Suze Orman's 4 Must-Have Documents for financial and personal security are a Will, a Revocable Living Trust, a Durable Financial Power of Attorney, and an Advance Directive for Healthcare (often combined with a Durable Power of Attorney for Healthcare), ensuring your assets, care, and wishes are handled if you're incapacitated or pass away, preventing family strife and costly court battles. 

What is the biggest retirement regret among seniors?

Not Saving Enough

If there's one regret that rises above all others, it's this: not saving enough. In fact, a study from the Transamerica Center for Retirement Studies shows that 78% of retirees wish they had saved more.

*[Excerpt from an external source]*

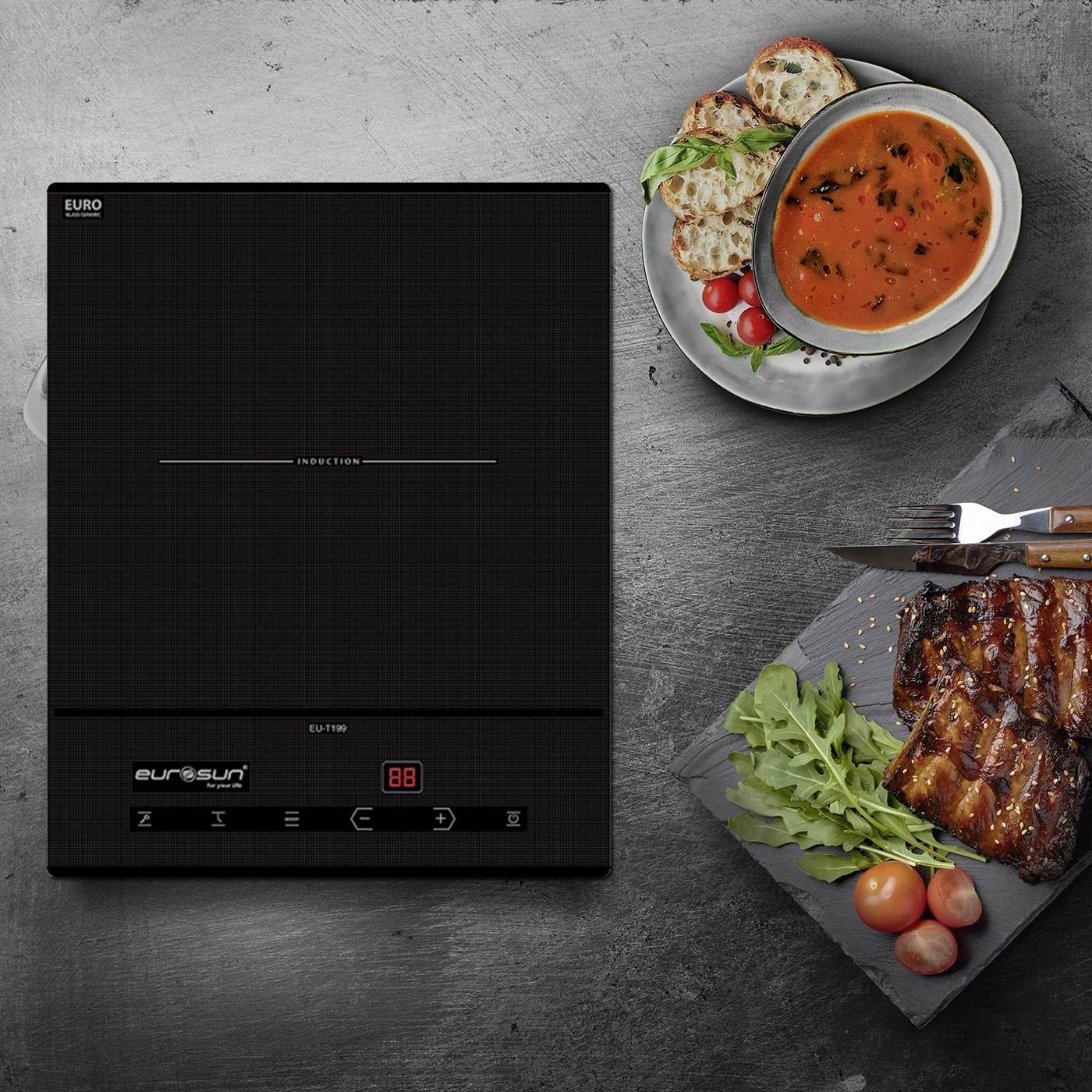 Bếp từ Eurosun EU-T199 sử dụng bảng điều khiển cảm ứng dạng Touch Control hiện đại với 9 cấp độ công suất nhiệt độ khác nhau, điều khiển dễ dàng bằng một ngón tay, mọi chương trình nấu đều được hiển thị qua đèn Led sắc nét để bạn điều chỉnh cho phù hợp với các món ăn.

How many Americans have $1,000,000 in their 401k?

The number of 401(k) millionaires in the U.S. is growing, with recent reports from late 2025 and early 2026 showing record highs, ranging from around 512,000 to over 650,000 individuals with million-dollar balances, depending on the data source and time period (e.g., Fidelity reported ~512k in early 2025, while Morningstar noted 654,000 by Q3 2025). While it's a record number, it still represents a small fraction, roughly 2-3%, of all 401(k) participants, with most being long-term savers, often Gen X and Baby Boomers, who started early and contributed consistently. 

What is a good monthly retirement income?

A good monthly retirement income is generally 70-80% of your pre-retirement income, aiming to maintain your lifestyle, but it varies greatly by location, healthcare needs, and spending habits; for many, this translates to $4,000 to $8,000+ monthly, covering basics to a comfortable life, with averages around $5,000/month for individuals and $8,300/month for couples, though median figures are lower, highlighting the importance of personal budgeting. 

Does owning a home increase net worth?

Homeownership allows you to increase your net worth because you can build equity through mortgage payments, which increases your asset value over time as the property appreciates in value, experts say.

What are common net worth mistakes?

Focusing too much on a single asset or sector. Neglecting tax-efficient strategies. A lack of comprehensive estate planning. Not partnering with a high-net-worth wealth management firm.